* **What you need to do**
Output, word for word and without pictures, the lines from the one containing "Пакет подарунковий паперовий" through the final line of the listing below.

* **Data provided**
........

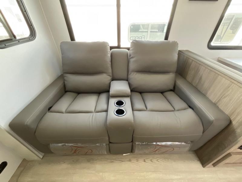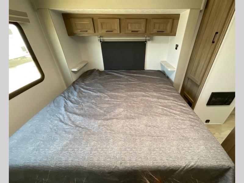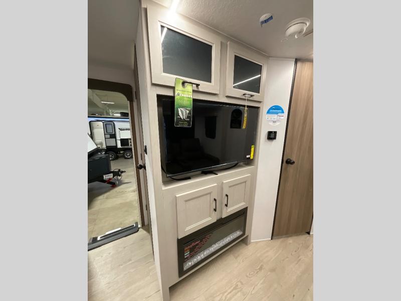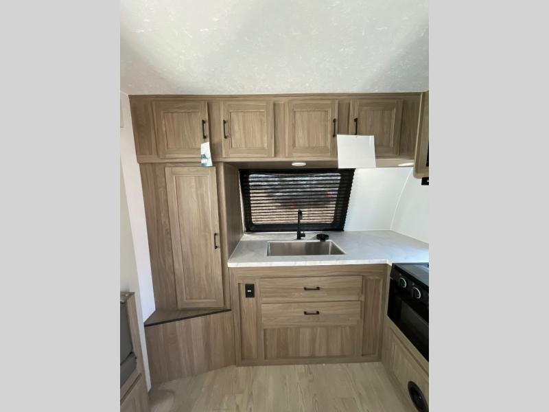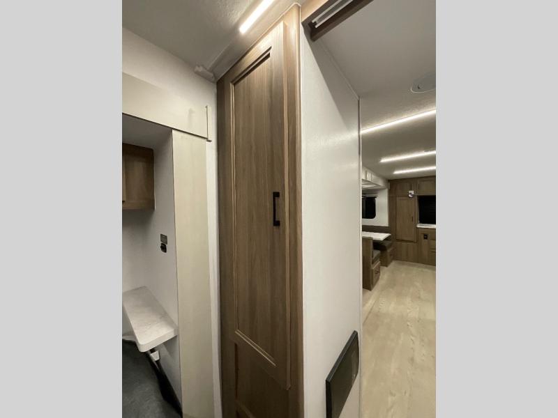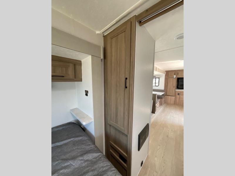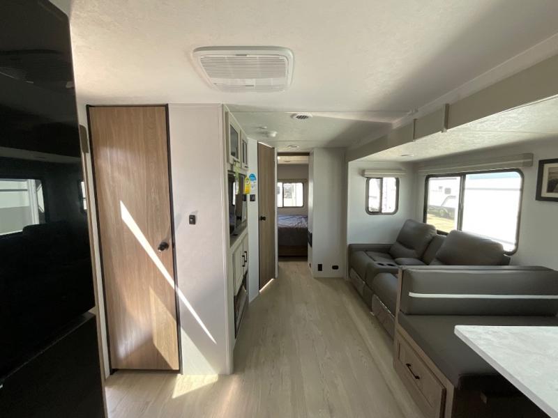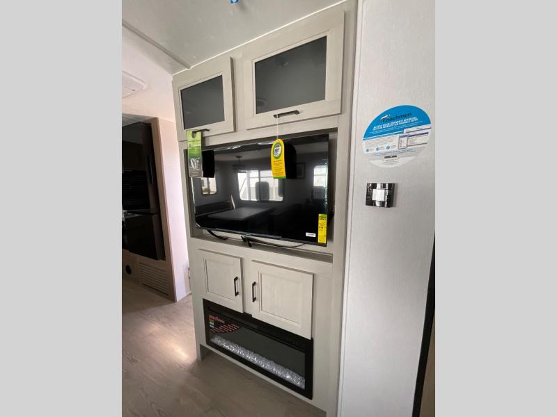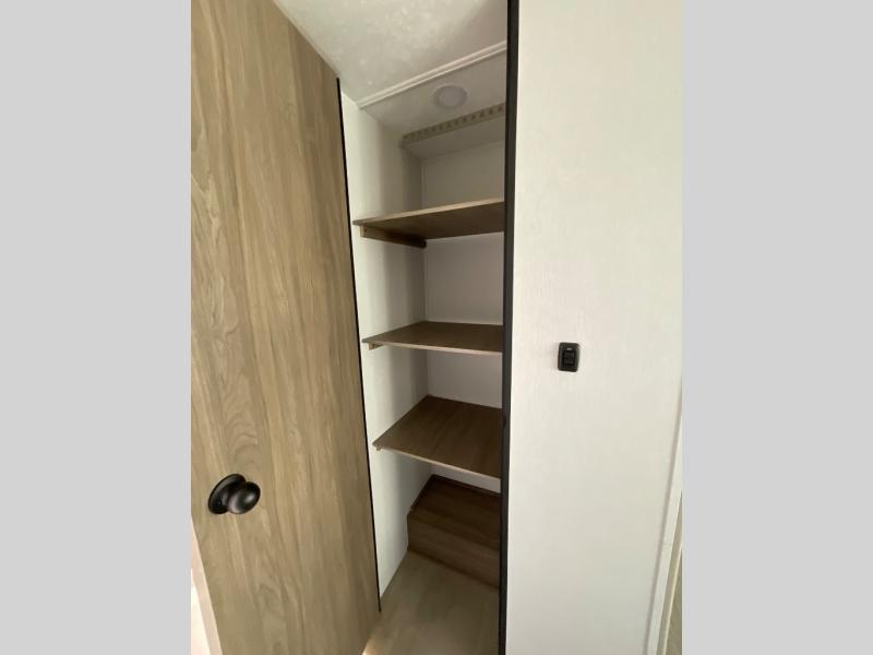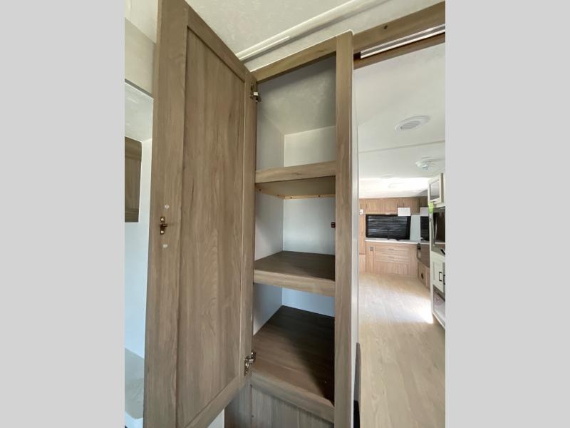 Comfort comes easy in this front kitchen travel trailer for four! You will love the rear master bedroom with its king bed slide out, spacious wardrobe, and a private entrance into the dual entry bath. There is a sofa that sits directly across from the fireplace and entertainment center, or you can choose the optional theater seat or optional hide-a-bed sofa in place of the standard sofa. The front kitchen features tons of counter space, an 8 cu. ft. double door refrigerator, plus a large pantry for dry good and snacks. There is also a pantry/closet just as you enter the trailer that will be perfect for shoes and jackets!
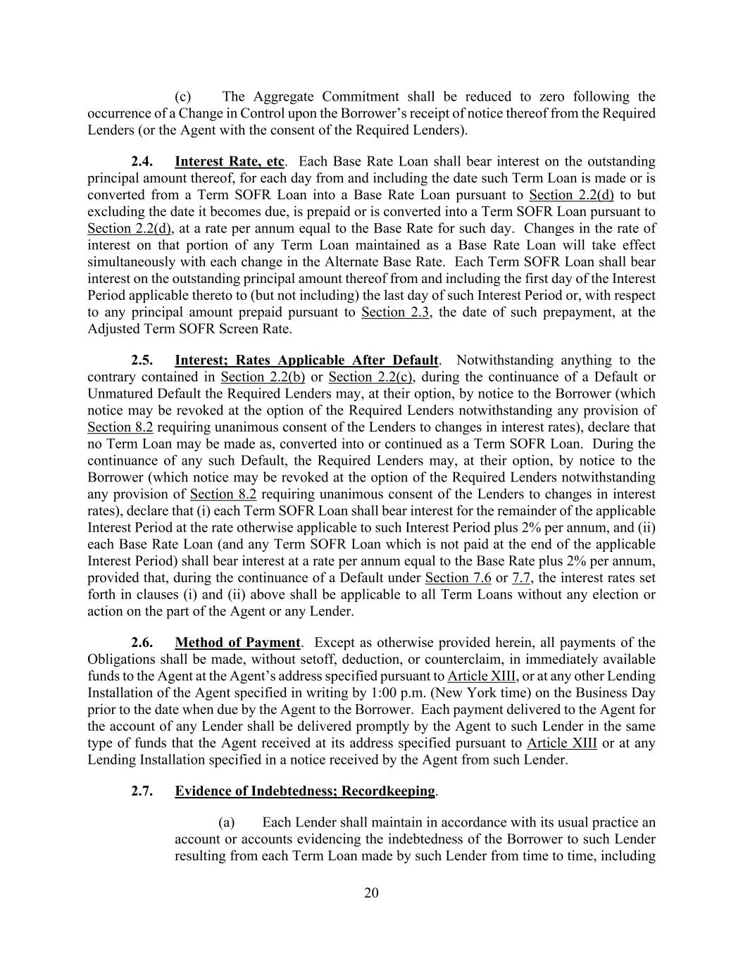 20 (c) The Aggregate Commitment shall be reduced to zero following the occurrence of a Change in Control upon the Borrower’s receipt of notice thereof from the Required Lenders (or the Agent with the consent of the Required Lenders). 2.4. Interest Rate, etc. Each Base Rate Loan shall bear interest on the outstanding principal amount thereof, for each day from and including the date such Term Loan is made or is converted from a Term SOFR Loan into a Base Rate Loan pursuant to Section 2.2(d) to but excluding the date it becomes due, is prepaid or is converted into a Term SOFR Loan pursuant to Section 2.2(d), at a rate per annum equal to the Base Rate for such day. Changes in the rate of interest on that portion of any Term Loan maintained as a Base Rate Loan will take effect simultaneously with each change in the Alternate Base Rate. Each Term SOFR Loan shall bear interest on the outstanding principal amount thereof from and including the first day of the Interest Period applicable thereto to (but not including) the last day of such Interest Period or, with respect to any principal amount prepaid pursuant to Section 2.3, the date of such prepayment, at the Adjusted Term SOFR Screen Rate. 2.5. Interest; Rates Applicable After Default. Notwithstanding anything to the contrary contained in Section 2.2(b) or Section 2.2(c), during the continuance of a Default or Unmatured Default the Required Lenders may, at their option, by notice to the Borrower (which notice may be revoked at the option of the Required Lenders notwithstanding any provision of Section 8.2 requiring unanimous consent of the Lenders to changes in interest rates), declare that no Term Loan may be made as, converted into or continued as a Term SOFR Loan. During the continuance of any such Default, the Required Lenders may, at their option, by notice to the Borrower (which notice may be revoked at the option of the Required Lenders notwithstanding any provision of Section 8.2 requiring unanimous consent of the Lenders to changes in interest rates), declare that (i) each Term SOFR Loan shall bear interest for the remainder of the applicable Interest Period at the rate otherwise applicable to such Interest Period plus 2% per annum, and (ii) each Base Rate Loan (and any Term SOFR Loan which is not paid at the end of the applicable Interest Period) shall bear interest at a rate per annum equal to the Base Rate plus 2% per annum, provided that, during the continuance of a Default under Section 7.6 or 7.7, the interest rates set forth in clauses (i) and (ii) above shall be applicable to all Term Loans without any election or action on the part of the Agent or any Lender. 2.6. Method of Payment. Except as otherwise provided herein, all payments of the Obligations shall be made, without setoff, deduction, or counterclaim, in immediately available funds to the Agent at the Agent’s address specified pursuant to Article XIII, or at any other Lending Installation of the Agent specified in writing by 1:00 p.m. (New York time) on the Business Day prior to the date when due by the Agent to the Borrower. Each payment delivered to the Agent for the account of any Lender shall be delivered promptly by the Agent to such Lender in the same type of funds that the Agent received at its address specified pursuant to Article XIII or at any Lending Installation specified in a notice received by the Agent from such Lender. 2.7. Evidence of Indebtedness; Recordkeeping. (a) Each Lender shall maintain in accordance with its usual practice an account or accounts evidencing the indebtedness of the Borrower to such Lender resulting from each Term Loan made by such Lender from time to time, including
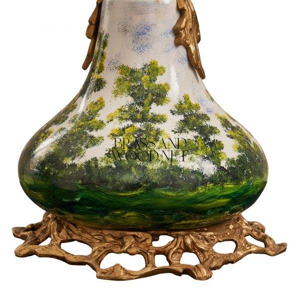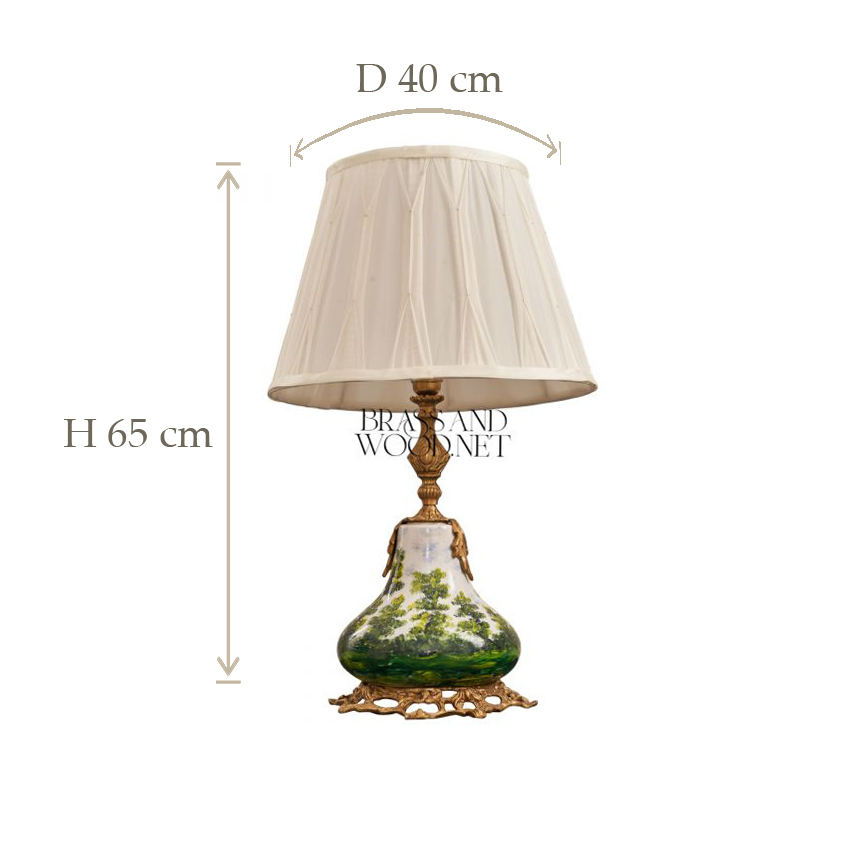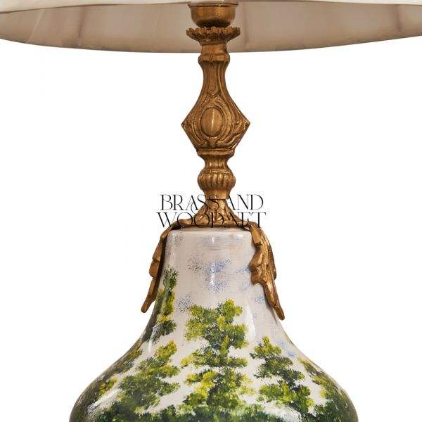 Lampe de table en céramique peinte à la main et en laiton antique avec base décorative et abat-jour en tissu élégant pour les intérieurs de luxe
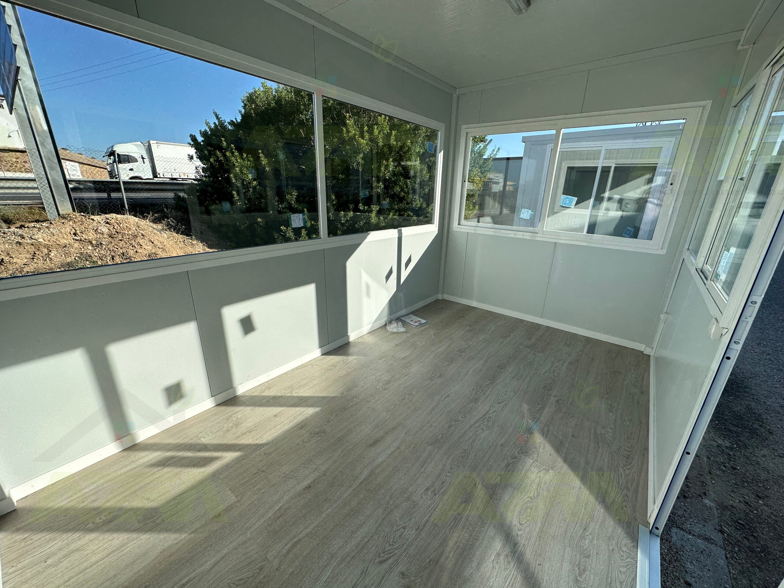 Nuestras casetas de vigilancia son una solución híbrida que combina las ventajas de los módulos individuales con la visión panorámica de los módulos acristalados. Estas casetas suelen tener dimensiones que oscilan entre 2 y 4 metros y están diseñadas con una zona de visión de 360 grados. Son especialmente adecuadas para una variedad de aplicaciones de seguridad, incluyendo garitas de vigilancia, puestos de control y más.
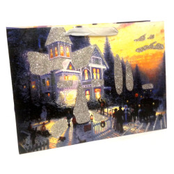 Пакет подарунковий паперовий YL-SD-004-007A 37*27*12,5см Новорічний з глітером
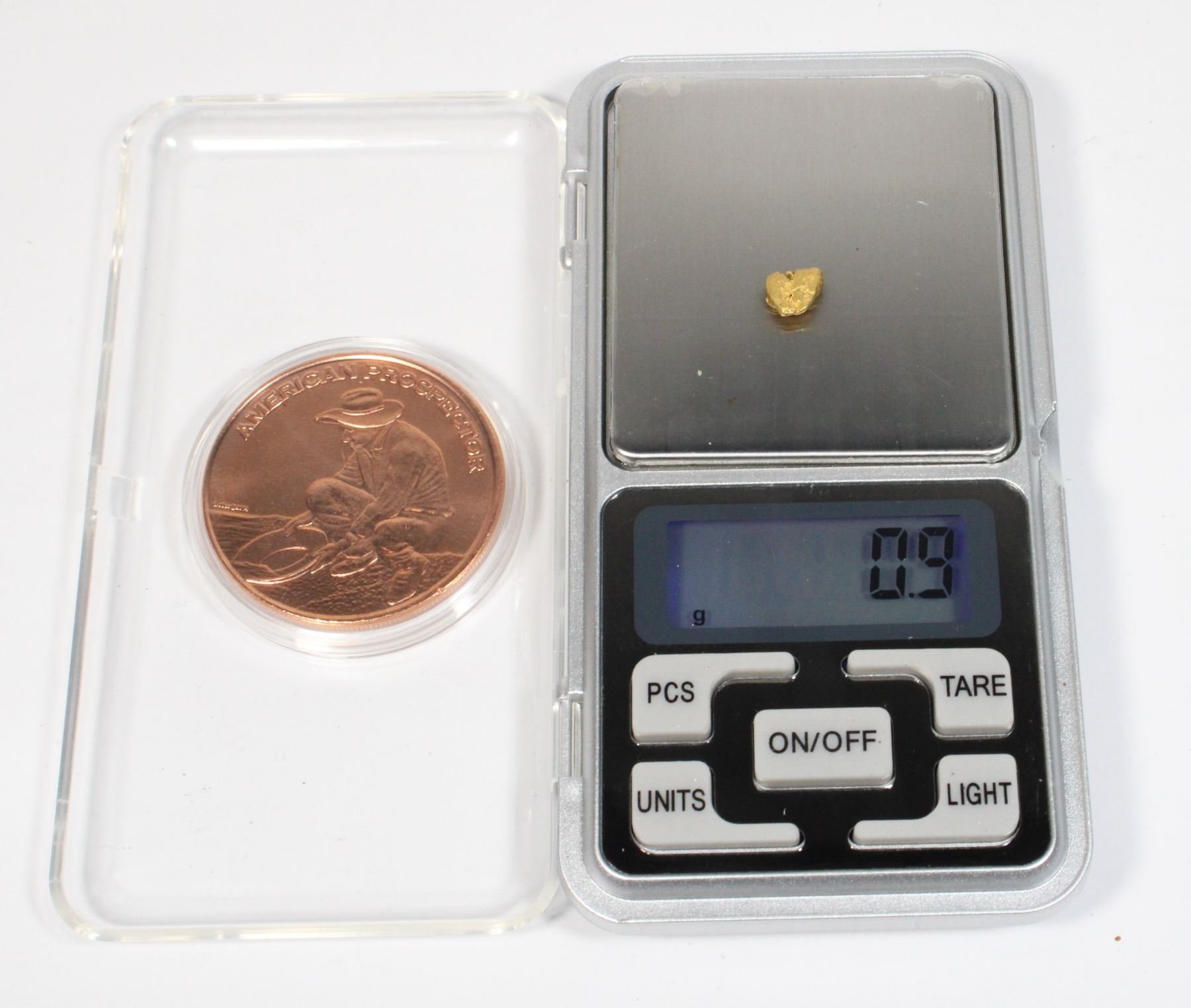 TINY BUT WEIGHT GUARANTEED. COMES WITH BONUS 1 OZ PROSPECTOR COPPER ROUND
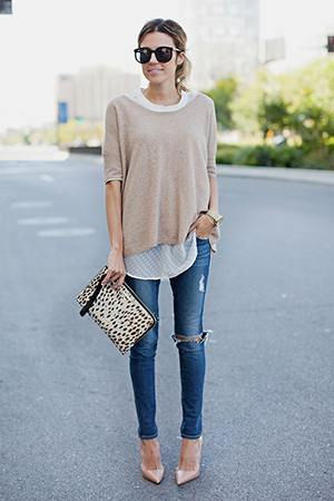 Яркий пример добавления тщательного в небрежное — ставшее уже традиционным сочетание рваных джинсов с классическими лодочками.
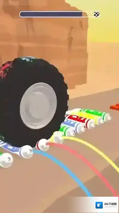 2、闯关途中,遭遇各类形状奇特的障碍物与特殊地形,需灵活调整轮胎方向与速度,巧妙碾压通过,获取更高分数。
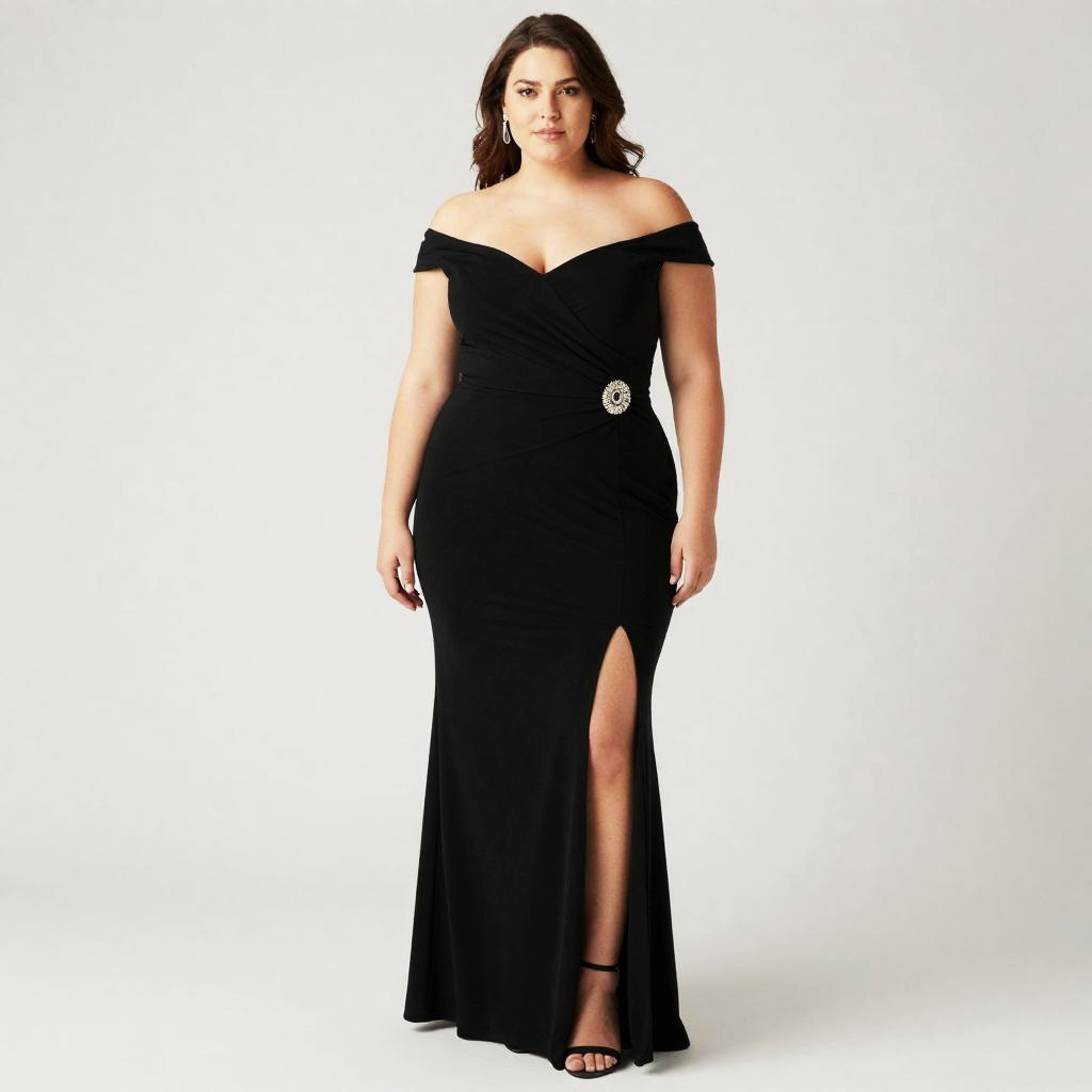 Portrait of a plus size woman wearing a black off-shoulder evening gown with a thigh-high slit and decorative brooch at the waist. She has long brown hair, is wearing drop earrings, and black high-heeled sandals. The background is plain and light-colored.

........

* **Solution for this exercise**
 Пакет подарунковий паперовий YL-SD-004-007A 37*27*12,5см Новорічний з глітером
 TINY BUT WEIGHT GUARANTEED. COMES WITH BONUS 1 OZ PROSPECTOR COPPER ROUND
 Яркий пример добавления тщательного в небрежное — ставшее уже традиционным сочетание рваных джинсов с классическими лодочками.
 2、闯关途中,遭遇各类形状奇特的障碍物与特殊地形,需灵活调整轮胎方向与速度,巧妙碾压通过,获取更高分数。
 Portrait of a plus size woman wearing a black off-shoulder evening gown with a thigh-high slit and decorative brooch at the waist. She has long brown hair, is wearing drop earrings, and black high-heeled sandals. The background is plain and light-colored.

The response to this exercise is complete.